The Tribunal hearing
18 The hearing took place on 5 October 2016. It began at 9.11am and concluded at 11.43am.
19 Mr Dhaliwal appeared before the Tribunal, represented by Mr Singh. The Tribunal questioned Mr Dhaliwal and reviewed the documentary evidence. According to the Tribunal’s decision record, amongst other things, Mr Dhaliwal informed the Tribunal that Ms Casorzo works as a social worker providing care to disabled people in group homes and that, following her liver surgery in July 2016, she had resumed full-time work. While he gave evidence that Ms Casorzo relied on him to accompany her to her medical appointments so that he could understand what the doctor said to her about her medication and other treatment needs, he was unable to tell the Tribunal what medication she was currently taking.
20 The Tribunal also took evidence over the telephone from Ms Pinto. Ms Casorzo did not attend the hearing.
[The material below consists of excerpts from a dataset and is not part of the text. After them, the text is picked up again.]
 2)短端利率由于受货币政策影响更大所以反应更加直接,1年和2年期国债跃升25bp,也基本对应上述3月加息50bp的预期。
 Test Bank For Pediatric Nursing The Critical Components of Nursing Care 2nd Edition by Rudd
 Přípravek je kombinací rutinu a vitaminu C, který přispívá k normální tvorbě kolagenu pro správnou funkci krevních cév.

In its decision record, the Tribunal indicated that it had tried to contact her by making three calls to her mobile phone, all of which went through to voicemail, and two to her landline, which proved to be disconnected.
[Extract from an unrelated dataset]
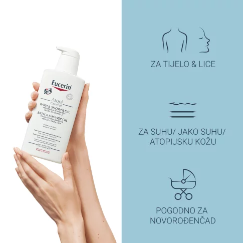 Eucerin AtopiControl ulje za pranje nježno čisti i umiruje atopičnu kožu, ublažava svrbež i sprječava daljnje isušivanje. Koristiti svakodnevno, tijekom akutne faze kao i faze bez simptoma.
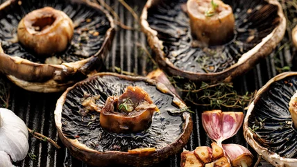 Mushrooms soak up marinades like a sponge, hold their form longer than most vegetables, and give that meaty umami flavor that both meat-eaters and vegetarians can totally get on board with. So when you're hosting a grill-out, don't skip out on them. Just treat them like you would a steak or burger, with similar prep and care, and you'll be enjoying juicy, charred mushrooms in no time.

21 When Mr Dhaliwal was asked by the Tribunal what compelling reasons there were not to apply the Schedule 3 criteria, he apparently replied that “the main reason” was his wife’s health problems and her reliance on the care and support she receives from him. He told the Tribunal that she had many serious health problems, takes a lot of medication, has difficulty remembering what medication she needs to take, and relies on him to remind her when to take it. It appears from the decision record, which in the absence of a transcript or recording of the proceeding is the only record before the Court of what took place at the hearing, that the Tribunal questioned Mr Dhaliwal at length about these matters.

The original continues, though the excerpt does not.